The problem =
Copy the data exactly. Images are the one exception.

Available data =
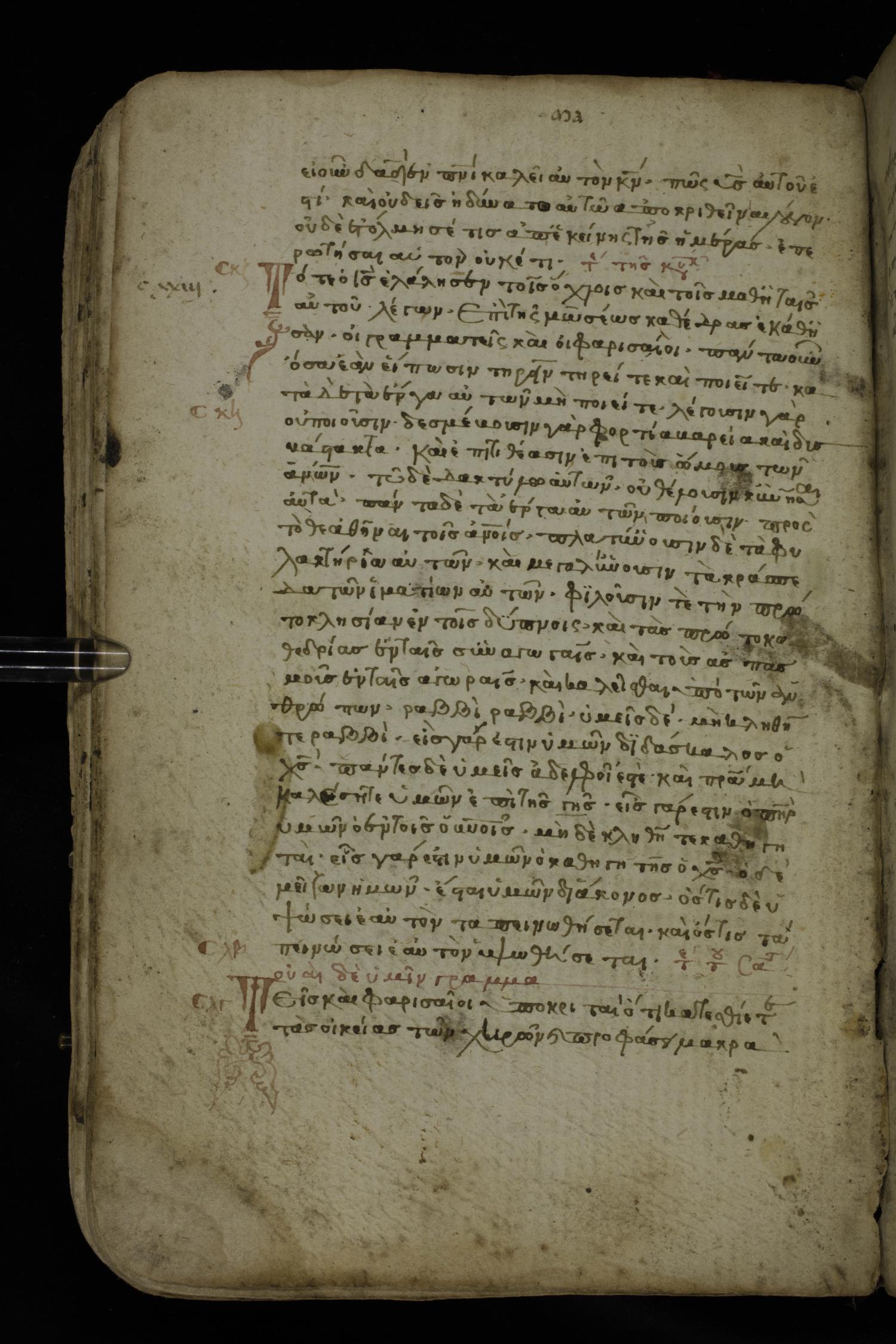 Fourteenth century minuscule of the Gospels on paper; 161 leaves, 1 column, 25-30 lines per column. Images were taken at the National Library of Greece in Athens.
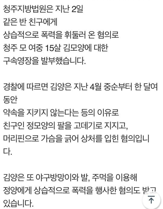 이로써, 청주지방법원은 같은 반 친구에게 상습적으로 폭력을 휘둘러 온 혐의로 청주 모여중 15살 김모양에 대한 구속영장을 발부하였으며, 경찰에 따르면 김양은 지난 4월 중순부터 한달여동안 약속을 지키지 않는다는 등의 이유로, 친구인 정모양의 팔을 고데기로 지지고, 머리핀으로 가슴을 긁어 상처를 입힌 혐의입니다. 또한 김양은 야구방망이와 발, 주먹을 이용하여 정양에게 상습적으로 폭력을 행사한 혐의도 받고 있습니다.
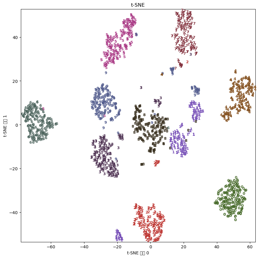 높은 차원의 복잡한 데이터를 2차원에 차원축소하는 방법이다. 고차원 공간에서 유사한 두 벡터가 저차원에서도 유사하도록 원공간에서 점들 간의 유사도를 보존하며 차원을 축소한다. 시각화에 주로 사용하며 대표적으로 워드 임베딩을 시각화할 때 사용된다. 이전에 소개한 PCA, LDA와 달리 비선형적인 차원 축소 방법이다.

Answer box =
 Fourteenth century minuscule of the Gospels on paper; 161 leaves, 1 column, 25-30 lines per column. Images were taken at the National Library of Greece in Athens.
 이로써, 청주지방법원은 같은 반 친구에게 상습적으로 폭력을 휘둘러 온 혐의로 청주 모여중 15살 김모양에 대한 구속영장을 발부하였으며, 경찰에 따르면 김양은 지난 4월 중순부터 한달여동안 약속을 지키지 않는다는 등의 이유로, 친구인 정모양의 팔을 고데기로 지지고, 머리핀으로 가슴을 긁어 상처를 입힌 혐의입니다. 또한 김양은 야구방망이와 발, 주먹을 이용하여 정양에게 상습적으로 폭력을 행사한 혐의도 받고 있습니다.
 높은 차원의 복잡한 데이터를 2차원에 차원축소하는 방법이다. 고차원 공간에서 유사한 두 벡터가 저차원에서도 유사하도록 원공간에서 점들 간의 유사도를 보존하며 차원을 축소한다. 시각화에 주로 사용하며 대표적으로 워드 임베딩을 시각화할 때 사용된다. 이전에 소개한 PCA, LDA와 달리 비선형적인 차원 축소 방법이다.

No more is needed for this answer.